At Keighley, a British Rail Class 37, number 37 075 was used to represent a British Rail Class 40, D326, the real locomotive involved.
 Other scenes were filmed at Bradford (City Hall entrance/main steps. Also at the end of part 2, the blue police light is placed where the actual police station was in City Hall originally), Shipley, Haworth and Goole. Filey was used instead of Torquay for the scenes involving Reynolds' hideout. According to the BBC, Yorkshire was the "most cost-effective and realistic alternative".

==Episodes==

| No. | Title | Directed by | Written by | Original release date | UK viewers (millions) |
| 1 | "A Robber's Tale" | Julian Jarrold | Chris Chibnall | 18 December 2013 | 6.35 |
After a heist at London Heathrow Airport garners a disappointing haul, Bruce Reynolds and his gang of working-class, small-time crooks get a tip about the Royal Mail train. The daily train coming from Glasgow on the West Coast Main Line will be carrying sacks of excess currency and picking up more at each stop on its way to London. They believe up to £1 million will be on board by the time it passes through Buckinghamshire. They bring in two train experts to join the crew and plot the heist from a rented farmhouse in the Aylesbury Vale, where they plan to hide out for a week until things calm down. But when the heist nets a record amount of more than £2.6 million (equivalent to £47 million in 2020), Reynolds knows the police will be hot on their trail.
| 2 | "A Copper's Tale" | James Strong | Chris Chibnall | 19 December 2013 | 5.99 |
Four days after the biggest robbery in British history to date, Flying Squad Detective Chief Superintendent Tommy Butler is brought in to lead the investigation by the Home Secretary.
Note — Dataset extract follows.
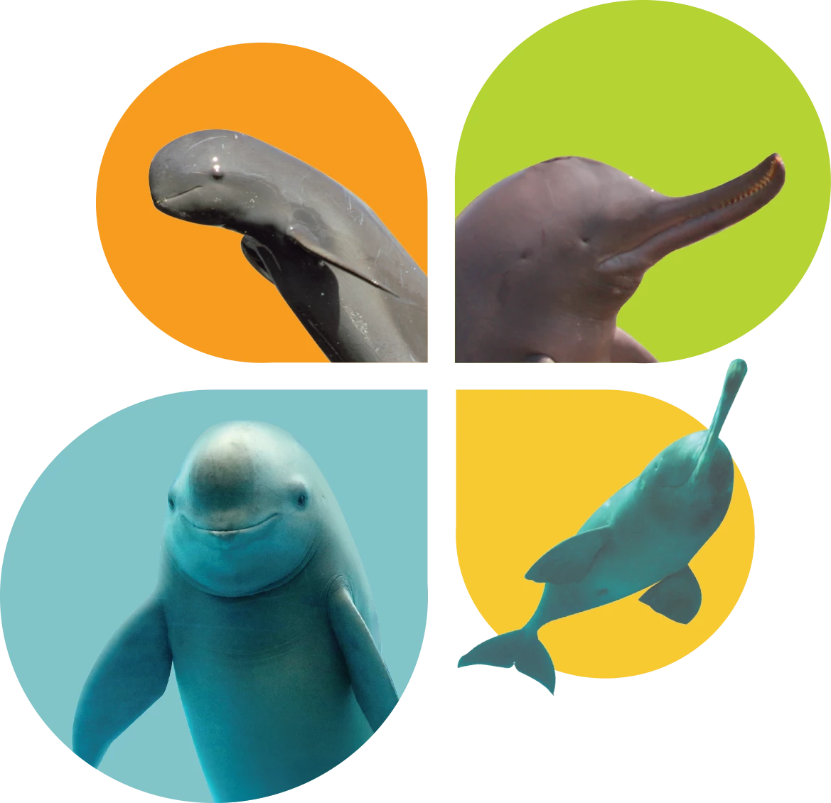 De Aziatische rivierdolfijnen, vanaf linksboven met de klok mee: Irrawaddy dolfijn, Indus rivierdolfijn, Ganges rivierdolfijn, Yangtze bruinvis

Though the heist occurred in Buckinghamshire, Butler is convinced it was organised by London criminals, and he compiles his own dream team of detectives to hunt them down. They come up with shortlists of suspects among known criminals and Bruce Reynolds is on that list. A £10,000 reward for information leads to a tip from a neighbour about the rented farmhouse, but they are soon drowning in hoax callers and fake tips. Informants help them track down and arrest the gang one by one until three years after the robbery, when only one man is still at large: Bruce Reynolds.

==Reception==
According to Cheshire Today, the BBC was criticised for glorifying criminals when it announced the series.

===Ratings===
Overnight figures showed that A Robber's Tale, the first episode of The Great Train Robbery, was watched by 23.2% of the viewing audience for that time, with 5.23 million watching it. The second episode, A Copper's Tale, had a 23.1% audience share and 4.95 million viewers, according to overnight figures.

===Critical reception===
A Robber's Tale received a mixed response. Metro journalist Keith Watson gave the film two stars out of five and said he would have liked to have seen more background on the gang members. The Daily Telegraphs Tom Rowley gave it four stars out of five and noted the high attention to detail by Chris Chibnall. Sam Wollaston from The Guardian said A Robber's Tale "beautifully explores the dynamic of a gang of men".

===Awards===
The Great Train Robbery received a BAFTA nomination in 2014.

==Home media==
The two films have been released on DVD by publisher Acorn Media UK and is available from the BBC. It was released at other outlets on 6 January 2014.